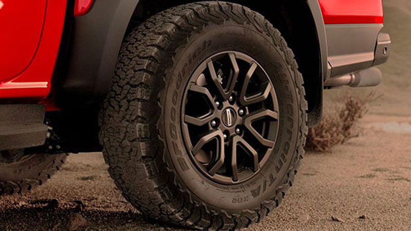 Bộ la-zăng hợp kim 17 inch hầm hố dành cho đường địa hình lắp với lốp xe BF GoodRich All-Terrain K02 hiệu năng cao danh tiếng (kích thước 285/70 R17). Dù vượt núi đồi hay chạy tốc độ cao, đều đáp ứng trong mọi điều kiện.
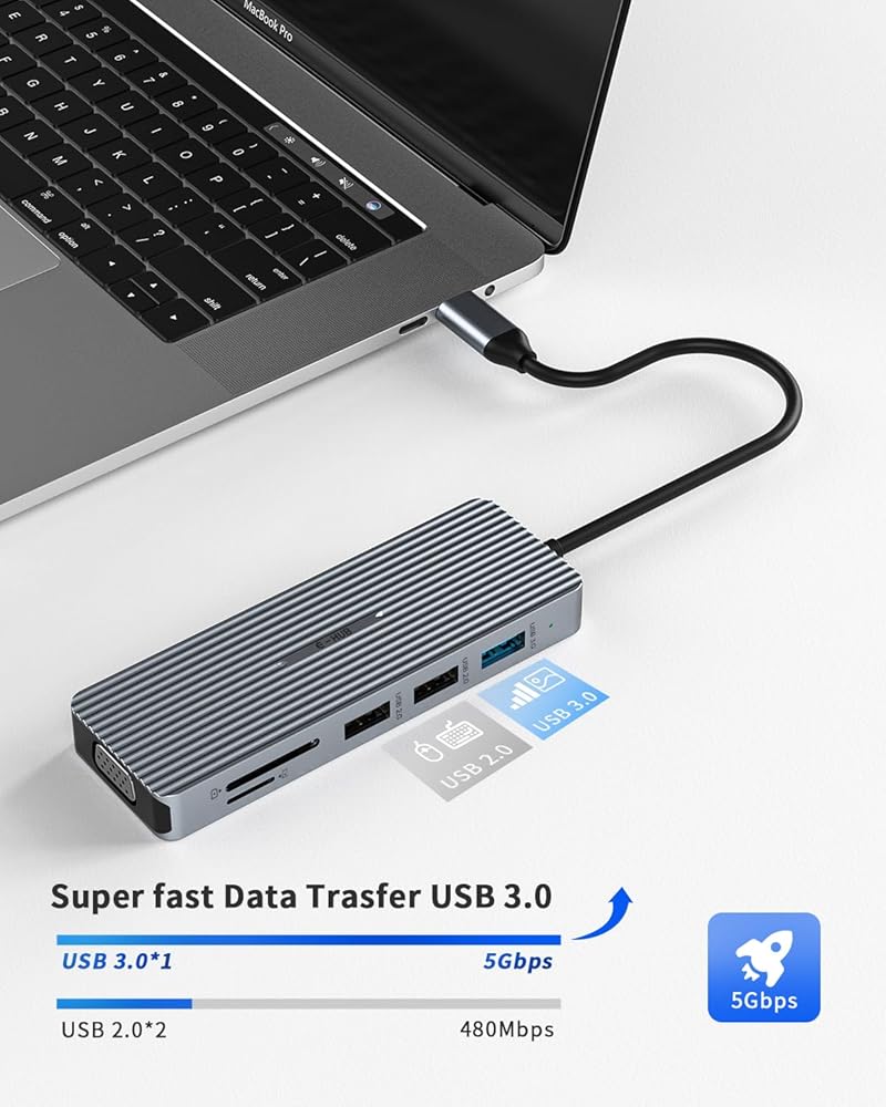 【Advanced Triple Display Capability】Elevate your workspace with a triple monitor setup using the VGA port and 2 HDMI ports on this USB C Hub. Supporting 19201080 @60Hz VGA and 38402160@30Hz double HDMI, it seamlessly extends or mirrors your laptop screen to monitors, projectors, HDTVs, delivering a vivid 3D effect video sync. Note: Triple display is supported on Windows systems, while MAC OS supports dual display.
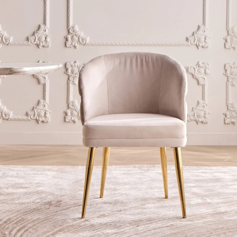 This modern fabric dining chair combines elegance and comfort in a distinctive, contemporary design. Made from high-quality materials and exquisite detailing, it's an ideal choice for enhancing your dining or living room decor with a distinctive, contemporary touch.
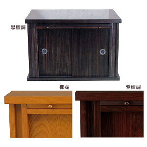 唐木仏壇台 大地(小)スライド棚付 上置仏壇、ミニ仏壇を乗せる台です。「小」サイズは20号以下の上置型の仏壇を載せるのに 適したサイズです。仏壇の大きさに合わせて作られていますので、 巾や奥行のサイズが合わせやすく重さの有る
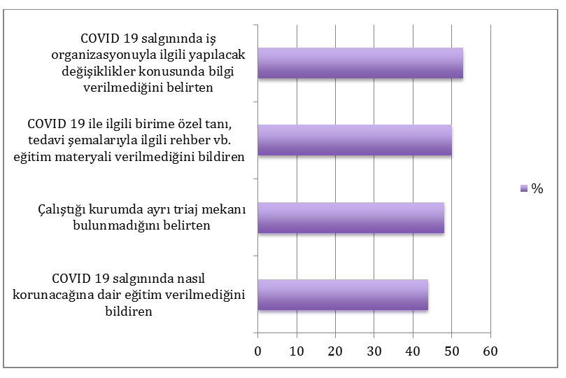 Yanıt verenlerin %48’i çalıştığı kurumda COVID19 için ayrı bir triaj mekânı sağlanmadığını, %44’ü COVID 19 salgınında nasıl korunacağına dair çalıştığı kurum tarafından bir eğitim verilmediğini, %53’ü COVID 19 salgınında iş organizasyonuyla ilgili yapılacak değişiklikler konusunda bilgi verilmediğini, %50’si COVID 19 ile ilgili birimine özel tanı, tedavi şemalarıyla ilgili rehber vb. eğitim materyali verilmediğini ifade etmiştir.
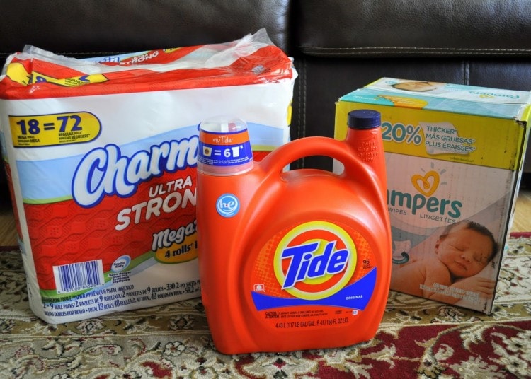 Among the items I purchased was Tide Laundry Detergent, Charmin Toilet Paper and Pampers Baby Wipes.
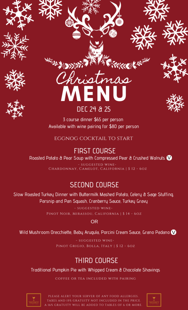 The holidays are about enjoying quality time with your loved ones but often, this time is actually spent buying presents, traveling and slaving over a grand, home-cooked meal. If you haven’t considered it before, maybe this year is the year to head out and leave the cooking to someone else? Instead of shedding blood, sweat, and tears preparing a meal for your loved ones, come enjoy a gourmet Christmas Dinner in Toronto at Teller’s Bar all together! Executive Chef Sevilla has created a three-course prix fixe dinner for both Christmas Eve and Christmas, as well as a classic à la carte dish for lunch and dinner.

• **INSTRUCTIONS FOR THE TASK**:
Could the entries above be copied out exactly, with no pictures included?

• **EXPECTED ANSWER**:
 Bộ la-zăng hợp kim 17 inch hầm hố dành cho đường địa hình lắp với lốp xe BF GoodRich All-Terrain K02 hiệu năng cao danh tiếng (kích thước 285/70 R17). Dù vượt núi đồi hay chạy tốc độ cao, đều đáp ứng trong mọi điều kiện.
 【Advanced Triple Display Capability】Elevate your workspace with a triple monitor setup using the VGA port and 2 HDMI ports on this USB C Hub. Supporting 19201080 @60Hz VGA and 38402160@30Hz double HDMI, it seamlessly extends or mirrors your laptop screen to monitors, projectors, HDTVs, delivering a vivid 3D effect video sync. Note: Triple display is supported on Windows systems, while MAC OS supports dual display.
 This modern fabric dining chair combines elegance and comfort in a distinctive, contemporary design. Made from high-quality materials and exquisite detailing, it's an ideal choice for enhancing your dining or living room decor with a distinctive, contemporary touch.
 唐木仏壇台 大地(小)スライド棚付 上置仏壇、ミニ仏壇を乗せる台です。「小」サイズは20号以下の上置型の仏壇を載せるのに 適したサイズです。仏壇の大きさに合わせて作られていますので、 巾や奥行のサイズが合わせやすく重さの有る
 Yanıt verenlerin %48’i çalıştığı kurumda COVID19 için ayrı bir triaj mekânı sağlanmadığını, %44’ü COVID 19 salgınında nasıl korunacağına dair çalıştığı kurum tarafından bir eğitim verilmediğini, %53’ü COVID 19 salgınında iş organizasyonuyla ilgili yapılacak değişiklikler konusunda bilgi verilmediğini, %50’si COVID 19 ile ilgili birimine özel tanı, tedavi şemalarıyla ilgili rehber vb. eğitim materyali verilmediğini ifade etmiştir.
 Among the items I purchased was Tide Laundry Detergent, Charmin Toilet Paper and Pampers Baby Wipes.
 The holidays are about enjoying quality time with your loved ones but often, this time is actually spent buying presents, traveling and slaving over a grand, home-cooked meal. If you haven’t considered it before, maybe this year is the year to head out and leave the cooking to someone else? Instead of shedding blood, sweat, and tears preparing a meal for your loved ones, come enjoy a gourmet Christmas Dinner in Toronto at Teller’s Bar all together! Executive Chef Sevilla has created a three-course prix fixe dinner for both Christmas Eve and Christmas, as well as a classic à la carte dish for lunch and dinner.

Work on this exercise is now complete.